Given data ▸
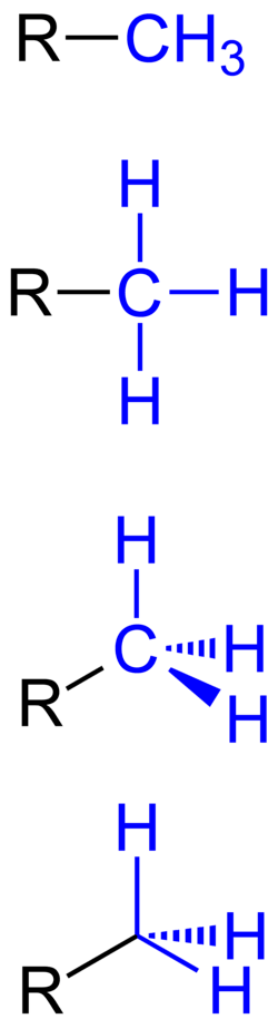 Different ways of representing a methyl group (highlighted in blue)
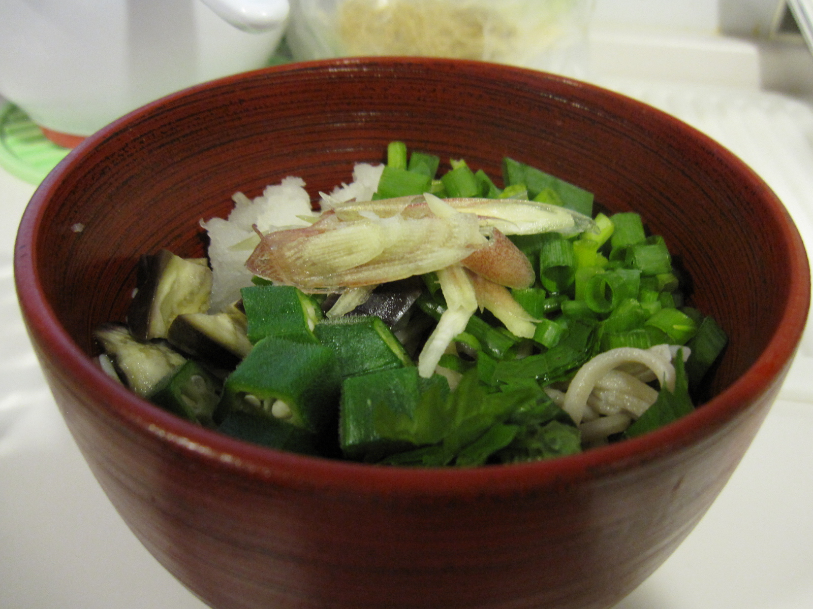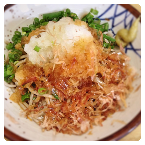 2分程度で茹で上がり、お蕎麦の上に大根おろし、ねぎ、オクラ等トッピングしてみました。
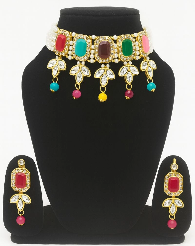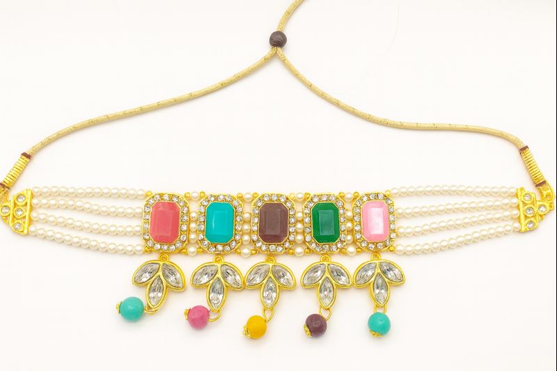 Traditional multicolor kundan choker necklace set adorned with pearls and colorful stone drops, perfect for weddings, festive wear, and ethnic occasions.
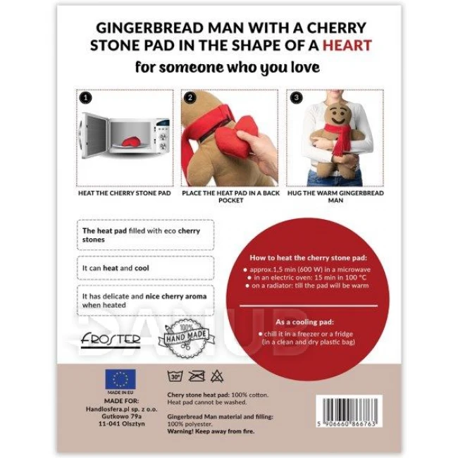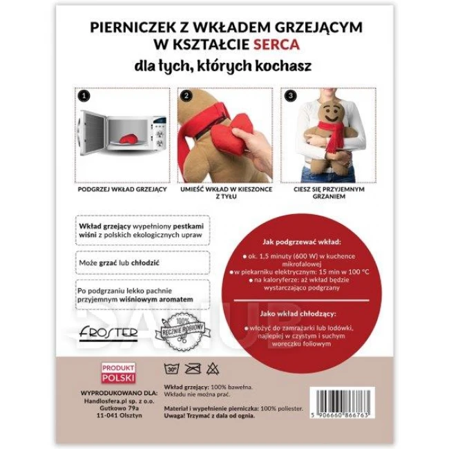 Plyšová hračka s kapsou na srdíčko, které hřeje nebo chladí - podle vašich potřeb (tzv. Dry hot-water bottle). Srdíčko je naplněné eko cherry kamínky. Po zahřátí má srdíčko příjemnou vůni třešní. Kapsa na polštářek se zapínáním na zip.
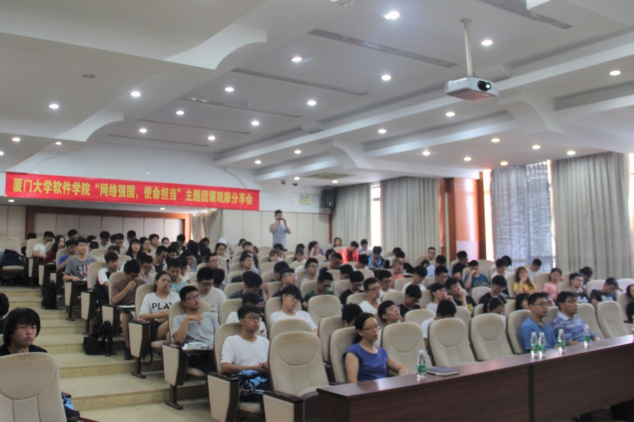 5月21日,厦门大学软件学院“网络强国,使命担当”团课观摩分享会在海韵504会议室顺利举办。学院党委副书记史亮、数字媒体工程系教授吴清强、团委书记葛学凤、副书记李绍玉、辅导员刘茜、2014级本科生谢华宇与全体2017级本科生一起出席了分享会。
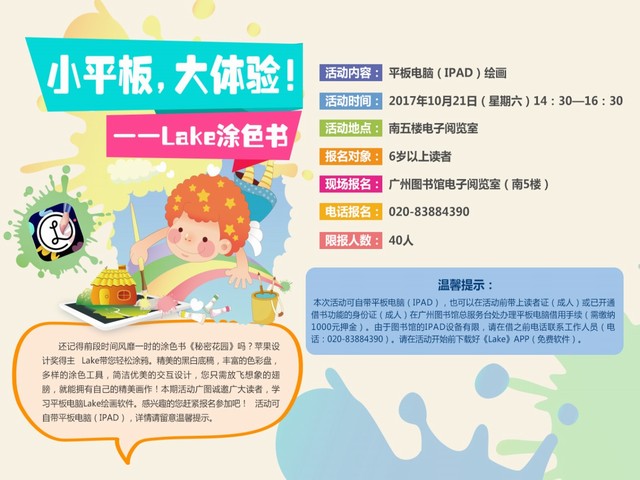 10月21日,“小平板、大体验”移动阅读系列活动在广州图书馆南五楼电子阅览室顺利举行。此次活动我们为大家推介苹果设计奖得主——“LAKE涂色书”涂色设计APP。“LAKE”以精美的黑白底稿、丰富的色彩盘、多样的涂色工具以及简洁优美的交互设计,给读者们一个全新而美丽的创作平台,让人轻而易举地创作出自己喜爱的作品。本次活动共吸引了30位读者参与。
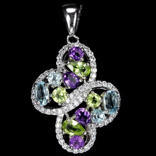 GENUINE AMETHYST PERIDOT TOPAZ & CZ 925 SILVER PENDANT 14K WHITE GOLD COATING; STONE SHAPEMIXED SHAPESTONE DIMENSION5 X 3 MM. , 4 X 3 MM. & 3 MM.ITEM WEIGHT3.3 GRAMCOLORMULTI COLORCLARITYIF - VVSLUSTERDAZZLINGTREATMENTUNHEATED & IRRADIATIONORIGIN OF STONEBRAZIL, ASIA & AFRICAHARDNESS6.5 - 8.0OTHERFACE OF PENDANT 31 X 18 MM. WHITE CUBIC ZIRCONIA 1 MM.
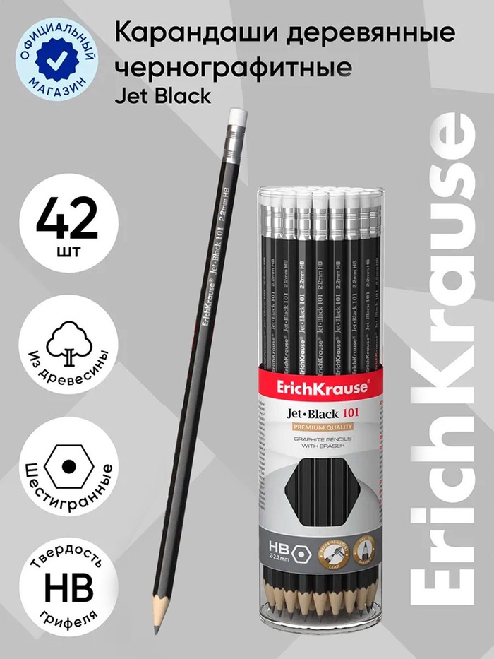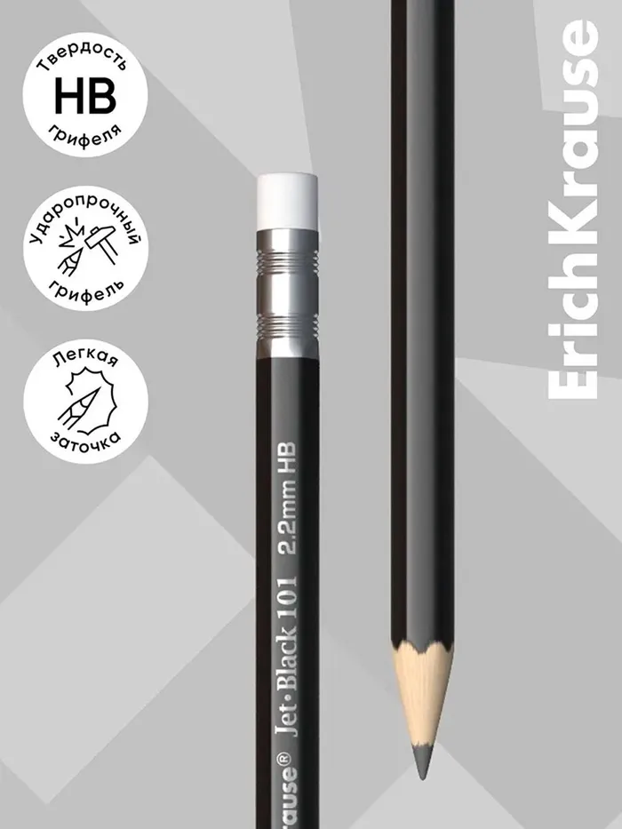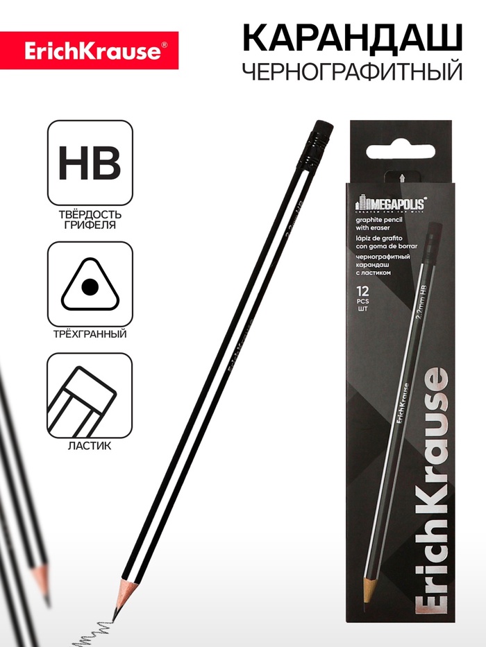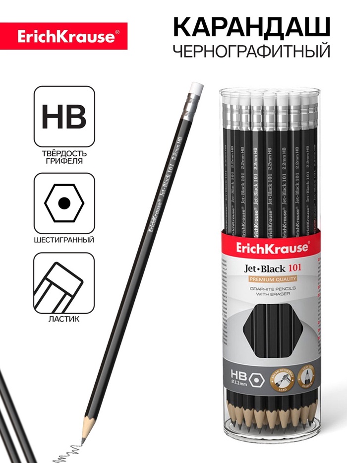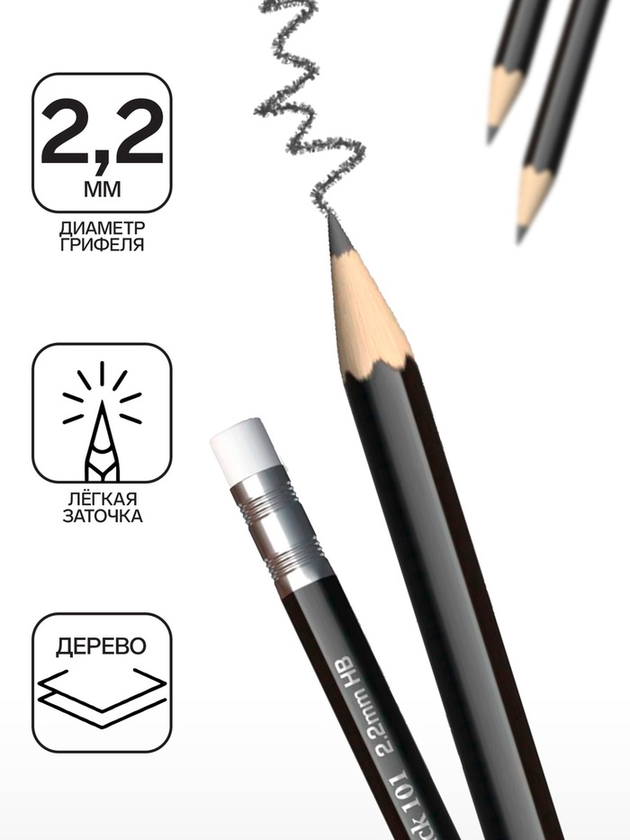 Классический шестигранный чернографитный карандаш с ластиком из отборной древесины, твердость НВ. Специальная пропитка древесины и сплошная проклейка грифеля обеспечивает высокую ударопрочность. Мягкая древесина и идеальная центровка грифеля гарантируют легкую заточку с экономным расходом карандаша. Грифель диаметром 2,2мм не царапает бумагу и не крошится. Ластик карандаша средней жесткости изготовлен из экологически чистого и гипоаллергенного материала термопластичной резины (TPR). Не содержит ПВХ.

Problem description ▸ Copy nothing past the line containing "Traditional multicolor kundan": reproduce every line from the start of the records up to it, skipping pictures.

Reply to the task ▸
 Different ways of representing a methyl group (highlighted in blue)
 2分程度で茹で上がり、お蕎麦の上に大根おろし、ねぎ、オクラ等トッピングしてみました。
 Traditional multicolor kundan choker necklace set adorned with pearls and colorful stone drops, perfect for weddings, festive wear, and ethnic occasions.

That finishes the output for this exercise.